Sub-class of pd dataframe returning itself from pandas methods

I want to create a sub class of a pandas dataframe, and then sub classes from that super class, such that when any method is called on either the super class, sub class, or from pd.dataframe class itself, they all return the same type of object that called it. Below code seems to do what I want, but I just want to confirm this is the correct way to do it, or if this is wrong and could pose a problem I’m not aware of, and maybe there is a correct way of doing it.

class Base(pd.DataFrame):
    def __init__(self, data=None, *args, **kwargs):
        super().__init__(data, *args, **kwargs)

    @property
    def _constructor(self):
         # return Base <- this doesn't work as I want
        return type(self)

    def method1(self):
        return self.rename({"old": "new"})

class subBase(Base):
    def method2(self):
        # some other method

When I call method1 from a subBase class, I want it to return a subBase class, not a Base class.
Any advice appreciated.

Naming a class after a Python built-in, e.g. super, is not the correct way to do anything other than deliberately shadow that built-in.
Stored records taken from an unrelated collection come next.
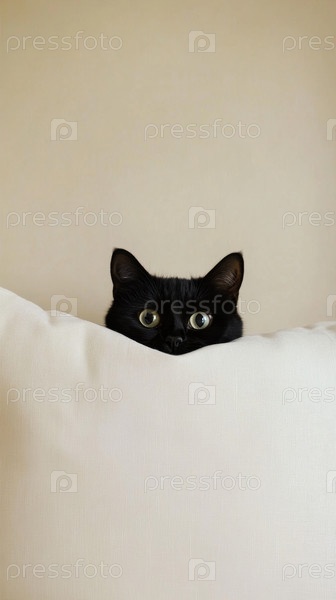 Игривая черная кошка с широкими пытливыми глазами смотрит на плюшевую белую поверхность на темном фоне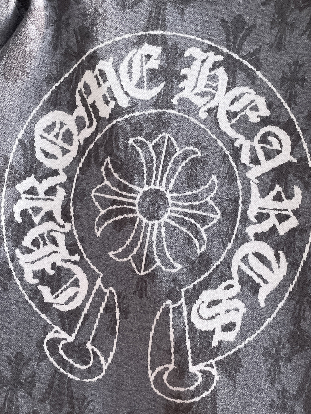 replica Chrome Hearts sweater with cross and logo print, made from soft durable knit fabric, offering a relaxed fit for casual everyday wear and streetwear styling, ideal for fashion enthusiasts seeking unique edgy luxury layers.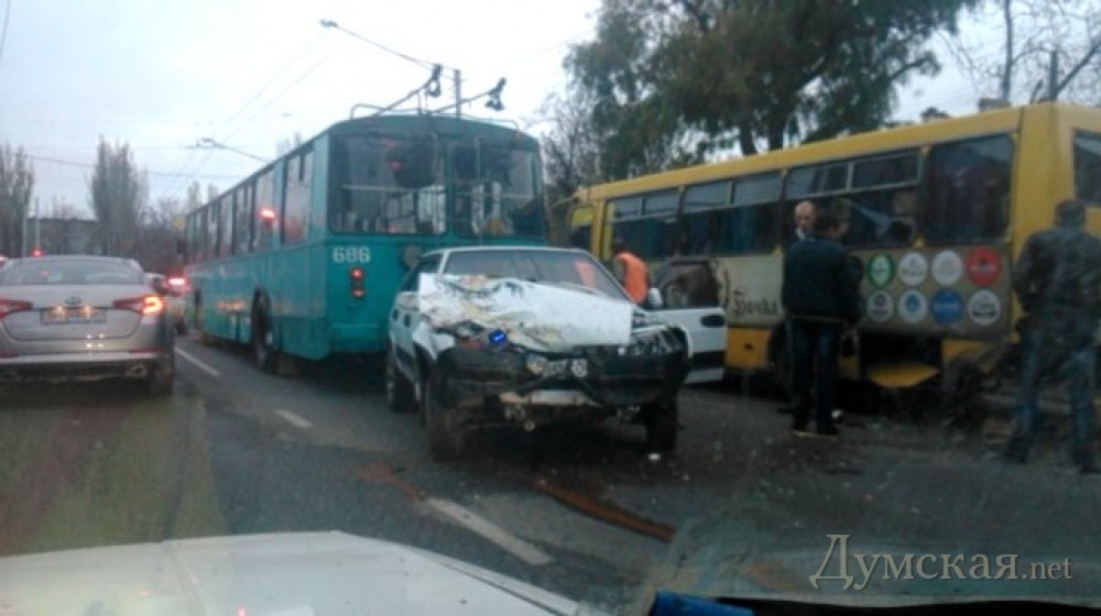 Авария с участием троллейбуса, маршрутки и легкового автомобиля произошла утром 25 октября на Люстдорфской дороге, в районе площади Толбухина. Как сообщают очевидцы, автомобиль ВАЗ-2109 на большой скорости врезался в остановившийся троллейбус, после чего его откинуло на маршрутку. По предварительным данным, в результате ДТП никто не пострадал. Сильнее всего поврежден ВАЗ, у которого полностью разбита передняя часть кузова. Из-за аварии движение транспорта в районе площади некоторое время было затруднено. СМЕРТЬ РОСІЙСЬКИМ ОКУПАНТАМ! Помітили помилку? Виділяйте слова з помилкою та натискайте control-enter |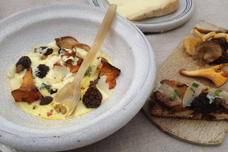 Recipe for Velouté with aged sheep’s cheese and yellow wine, sautéed chanterelles and morels.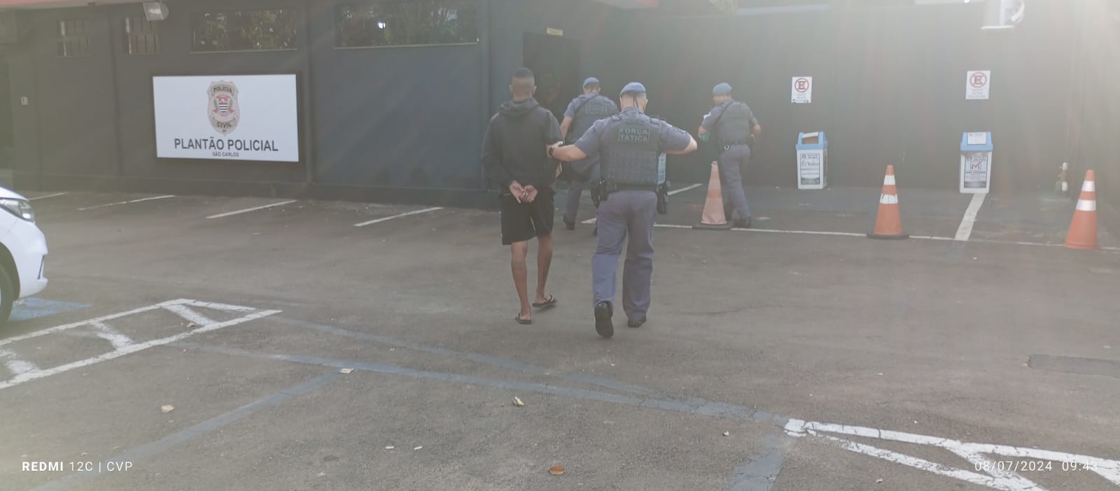 Um indivíduo de 19 anos, suspeito de estar traficando, foi detido pela Força Tática nesta manhã de segunda-feira, 8 de julho de 2024, na Rua Cantor João Paulo, bairro Cidade Aracy I, São Carlos-SP.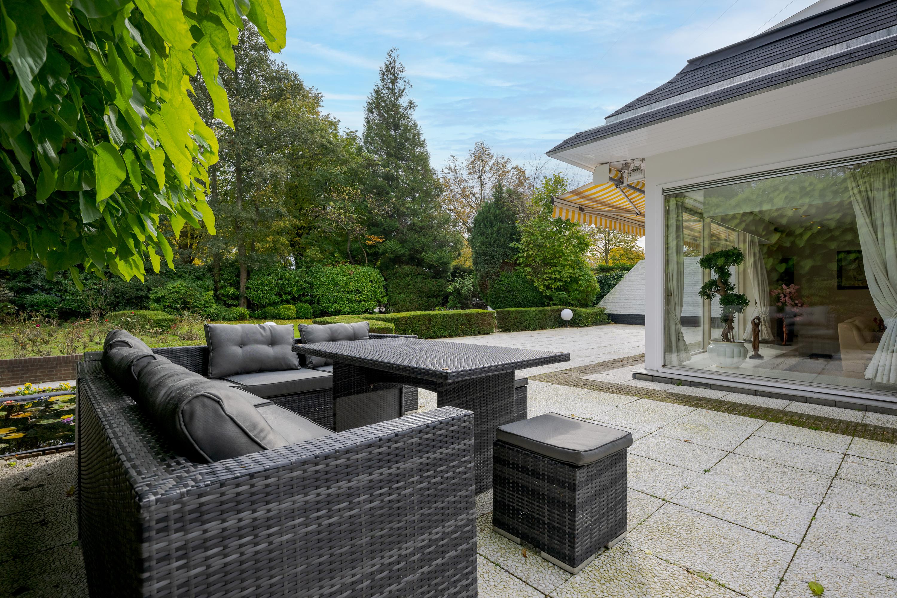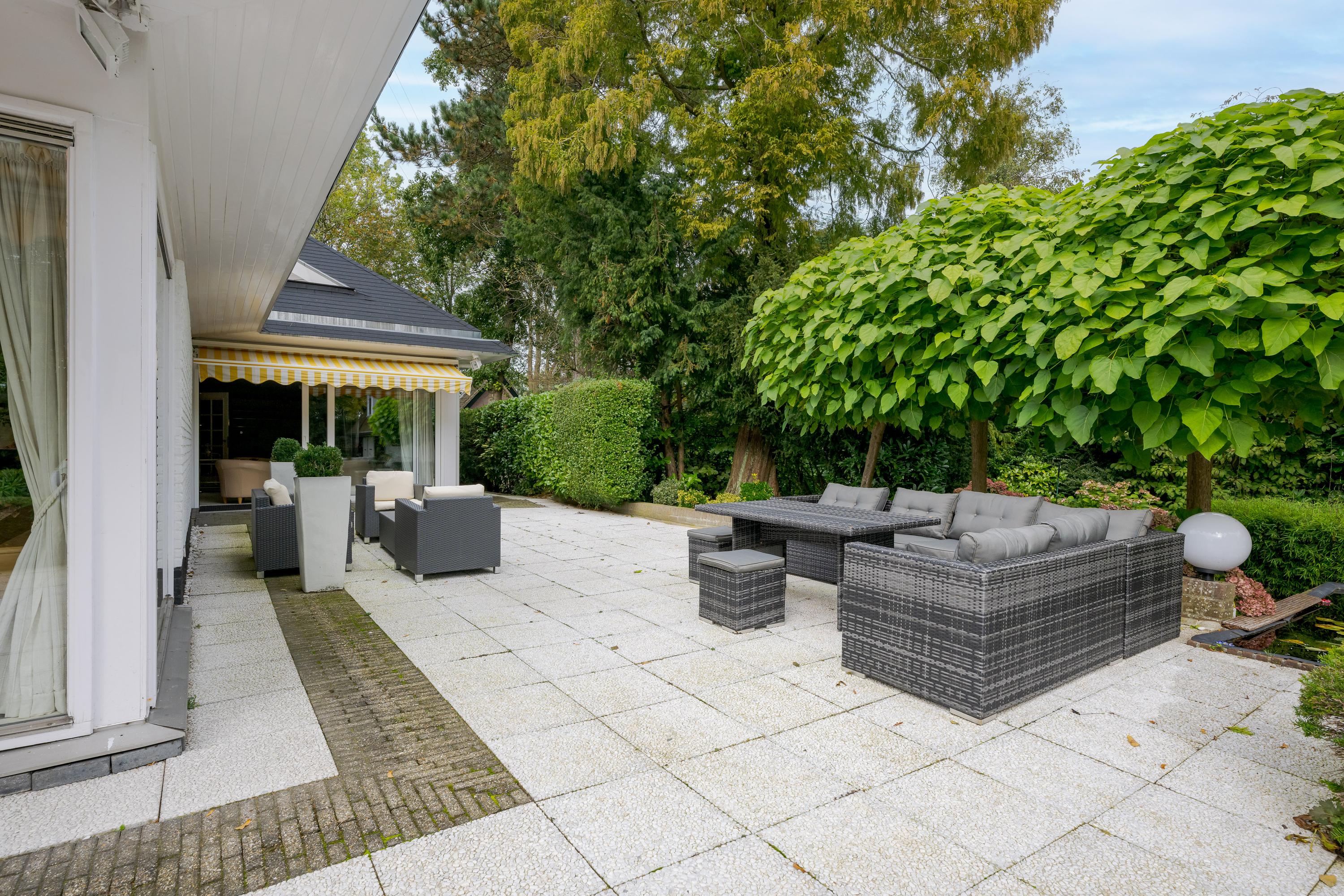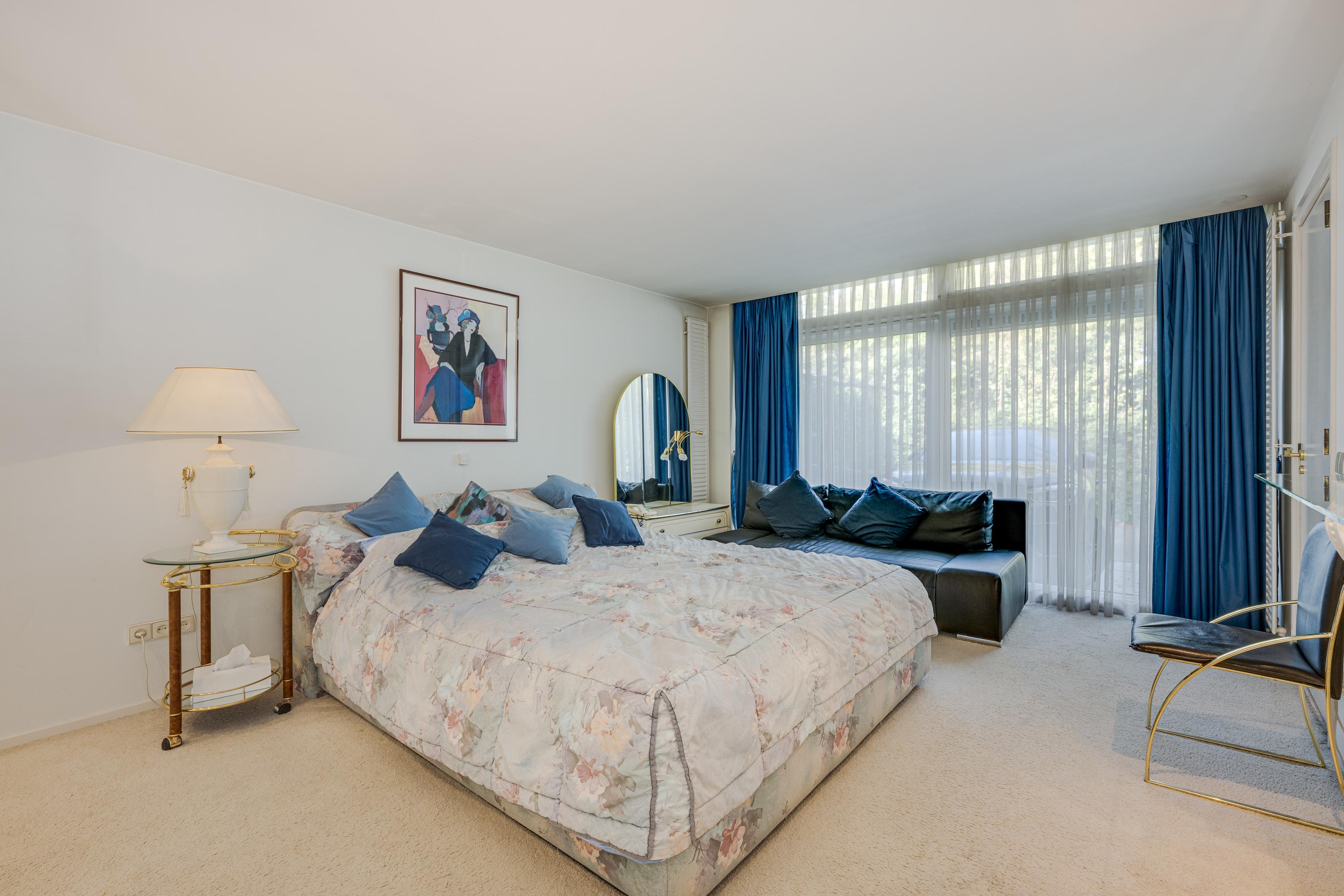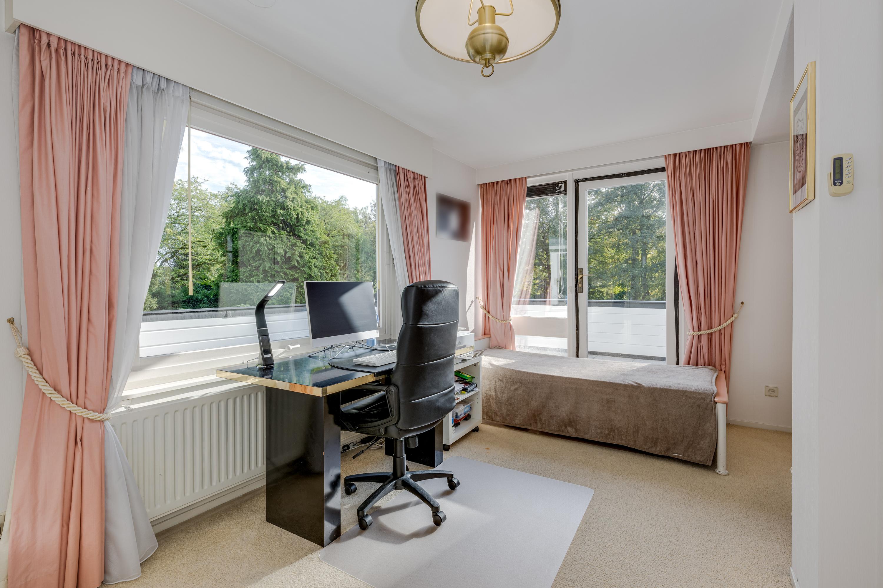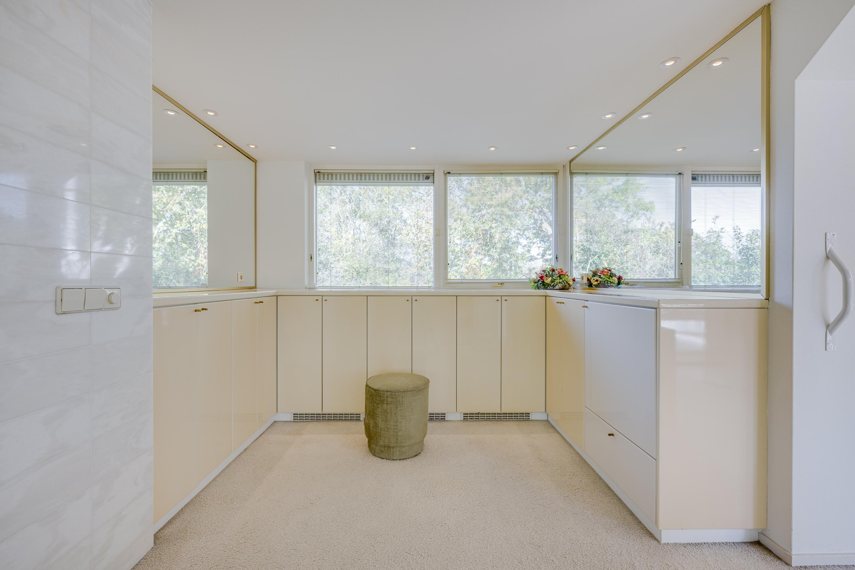 Layout: As you enter the villa, you are welcomed by a bright and spacious entrance hall with a double-height ceiling, highlighted by a grand staircase, where a luxurious high-pile carpet leads you into the living area. There is ample closet space available in the hallway. Walking straight ahead, you enter the living area consisting of a dining room, a living room, and a family room/TV room. The living room features a cosy fireplace. Together, these spaces cover more than 100 m2! Thanks to the large windows and good ceiling height, the rooms feel light and spacious. The house is surrounded by greenery, visible from the large windows in every room.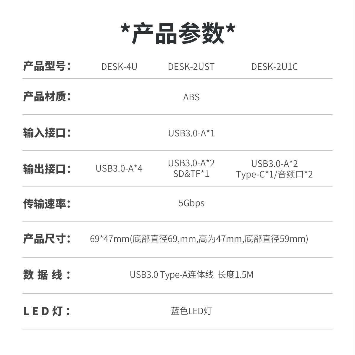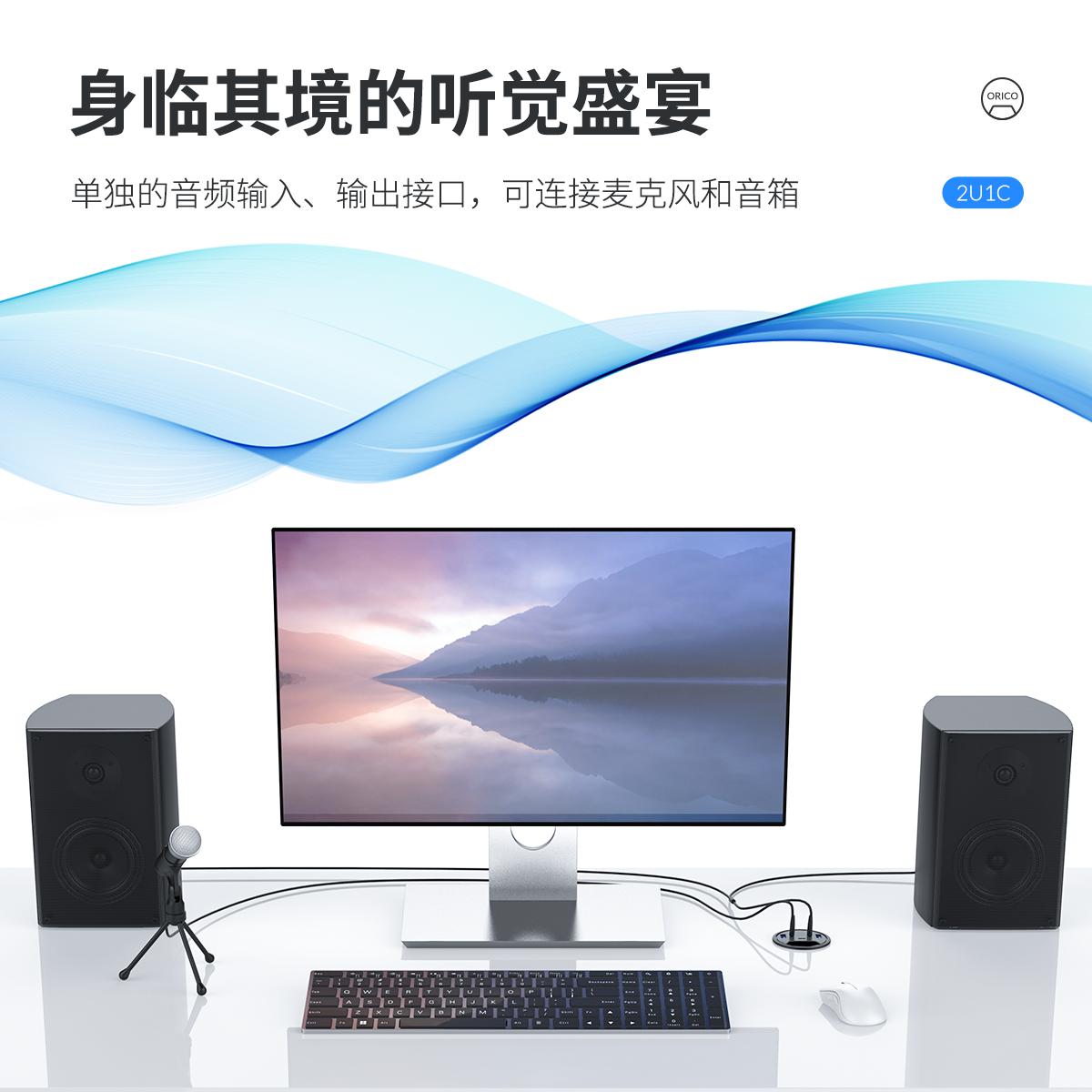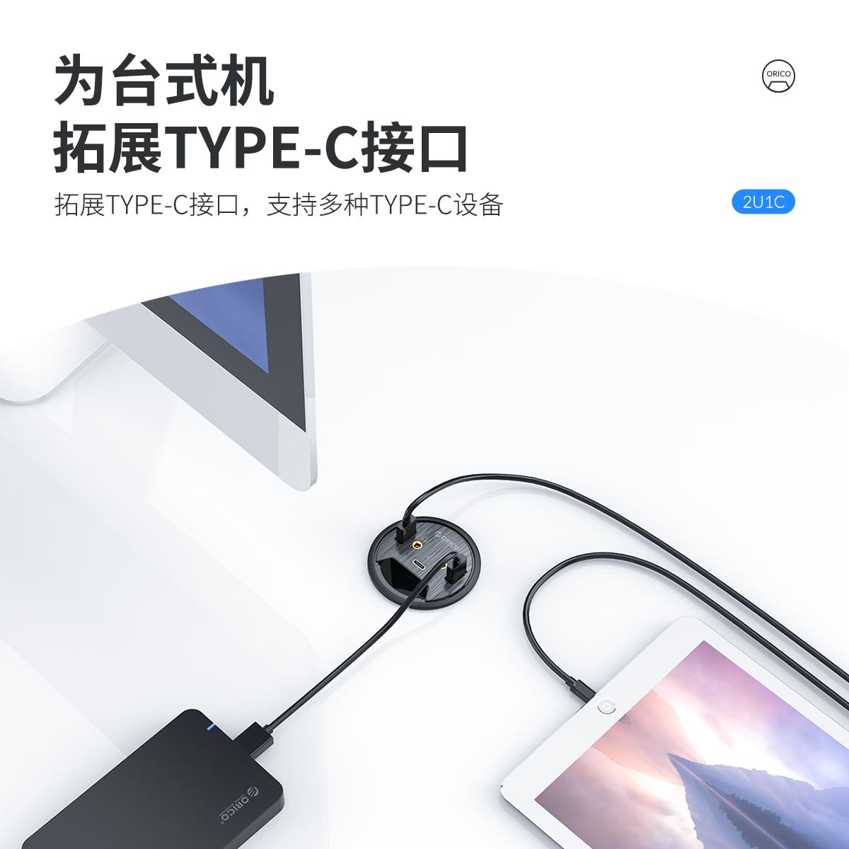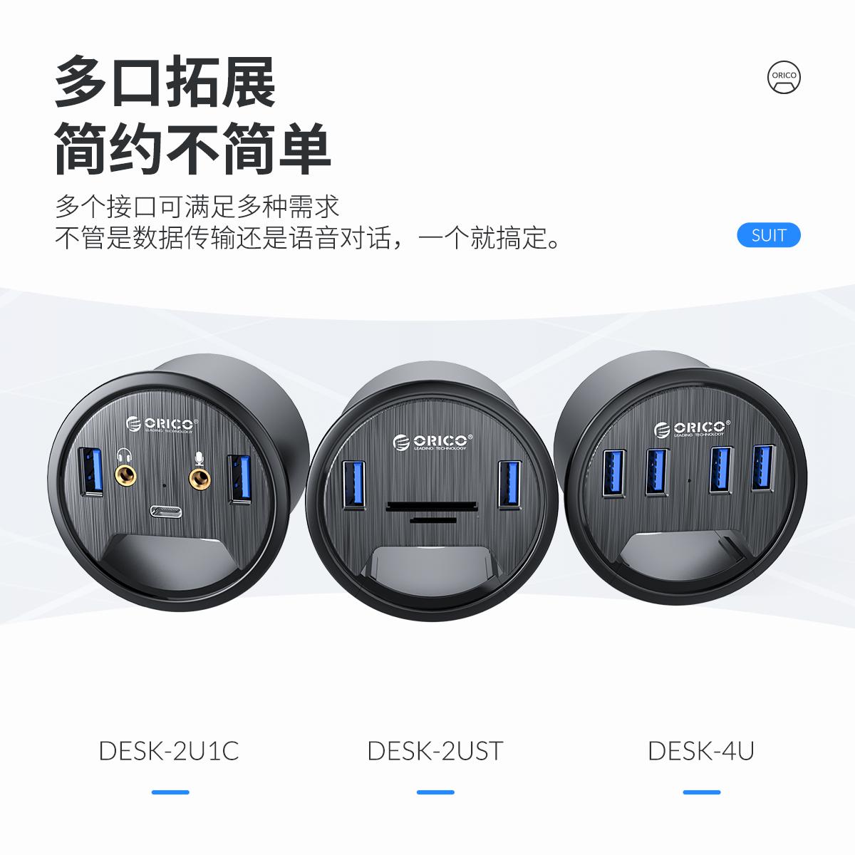 集线器,桌洞集线器,USB3.0, 音频口,支持麦克风,读卡,SD,TF,5Gbps,Type-C,多功能,系统兼容,免驱动,免工具安装

As to the goal, it all depends on what pd.DataFrame.copy returns.

1 Like

IIRC from digging into the pandas and numpy sources some months ago,
they try quite hard to produce the same type of object as called them. I
believe to aid interoperability of various libraries without each having
to rewrite the whole universe.

2 Likes

Apologies, that was pseudocode for demonstration purposes. I’ve edited the post to make it more clear.

No problem.

Just try it, and have a look at the type of object .copy returns. If it returns Self in a simple test, on all the different subclasses, the Pandas devs are unlikely to have added code to make it do something different, but only in some special circumstances, that could trap you.